I got it man. And yeah, consider my point made. In the playoffs everything but the last 5 minutes is practice. And then you'd better hope for something more substantial than high percentage shots. And once again in the final seconds Rose crossed over again and again trying to get free but they just swarmed him and stayed high. Brutal to watch really, like seeing a bunch of ants kill a wasp.
posted by Potomac Avenue at 6:10 AM on May 27, 2011


as a celtics fan who watched ray allen go like 15-17, then 0-18 from range last year during the playoffs i refuse to believe players don't get hot and cold. i don't care what the stats nerds say.

shooting basketballs is not flipping coins.

to switch sports, some days a pitcher's curve is biting and his fastball pops. some days not.

refuse to believe it.
posted by nathancaswell at 6:20 AM on May 27, 2011 [1 favorite]
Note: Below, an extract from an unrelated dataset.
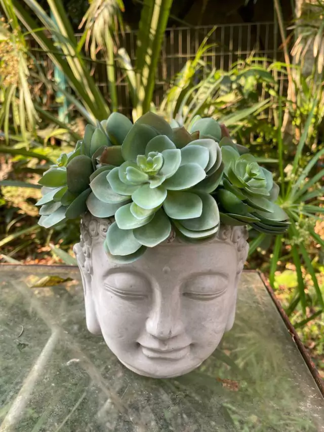 Cachepot Cabeça de Buda decorado com suculentas permanentes, prontinho para levar aconchego e leveza para sua casa! :)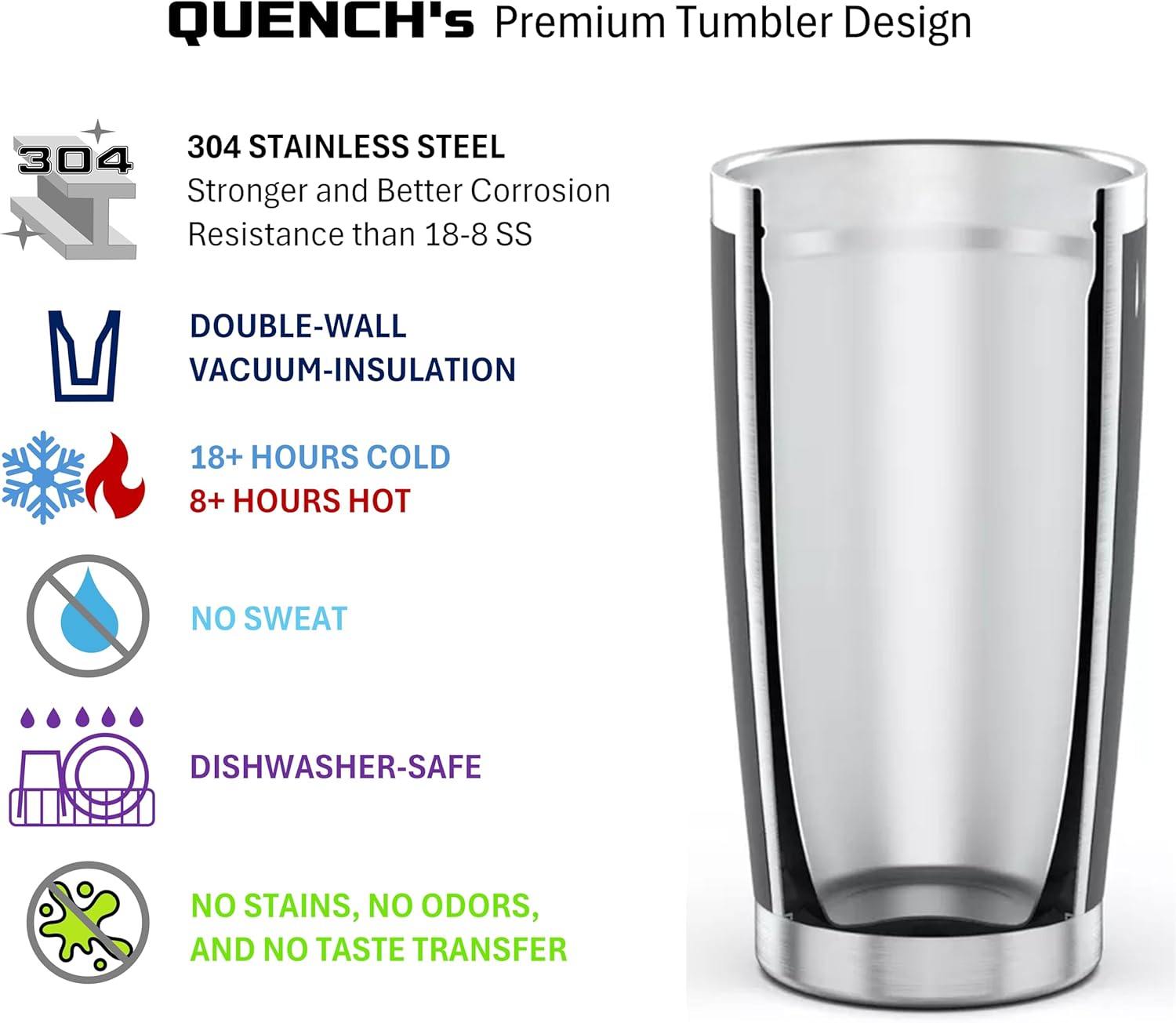 - VERSATILE AND STYLISH: It’s ideal for ice water, coffee, tea, smoothies, protein shakes, or any other beverage. So go ahead and QUENCH at home, on-the-go, at the gym, the office, the beach, and anywhere else life takes you.

also, see bird in the "finger point" 3 point contest... just use your eyes. he found his rhythm.
posted by nathancaswell at 6:22 AM on May 27, 2011


There is such a thing as a hot hand in basketball. I saw the wikipedia article and I've seen posts by the awesome neuro blog The Frontal Cortex, but their methods are too simple, and don't take in to account the ton of things you'd need to. Clutch shooting and having a hot hand - not the same thing, but I think both exist.

airball!
posted by srboisvert at 10:26 AM on May 27, 2011


Miami is winning because of defense, especially LeBron's. Bron-bron is the greatest athlete to ever play the game, and his offense is a study in how athleticism can trump good basketball decision-making. He dicks around on O most of the game, still gets his points because he's unbelievably good, then buckles down in the 4th and is virtually unstoppable. And all along, he's playing the best D of his life. He guarded Derrick Rose like a champ, and guess what--he'll do the same to 7' Dirk Nowitzki in the Finals.

When all is said and done, LBJ will be the only legitimate contender for Jordan's GOAT crown.

Until Greg Oden breaks out, of course...
posted by Joseph Gurl at 5:49 PM on May 26 [+] [!]


Or not...
posted by erikgrande at 10:29 PM on June 12, 2011


In the playoffs everything but the last 5 minutes is practice.

I would bet that 100% of the teams up by 25 points or more with 5 minutes left in the NBA playoffs have gone on to win those games.

When all is said and done, LBJ will be the only legitimate contender for Jordan's GOAT crown.

The problem being that it's apples and oranges. Kobe Bryant is already objectively a better player than Jordan was. The NBA is much more skilled now than it was in the 80s and 90s, just as the 80s and 90s were much more skilled than the 60s and 70s.

There is a flattening of the improvement curve as the game ages so that rule changes and other tweaks affect the game more (see baseball), but basketball is still rising pretty steadily in terms of quality of play, I think.

I would guess that Lebron has missed his window of opportunity. He's already 27 or so. He could win a championship or two, but he'll never be considered the GOAT, despite perhaps having the greatest promise. Kobe just needs one more to make a pretty good case.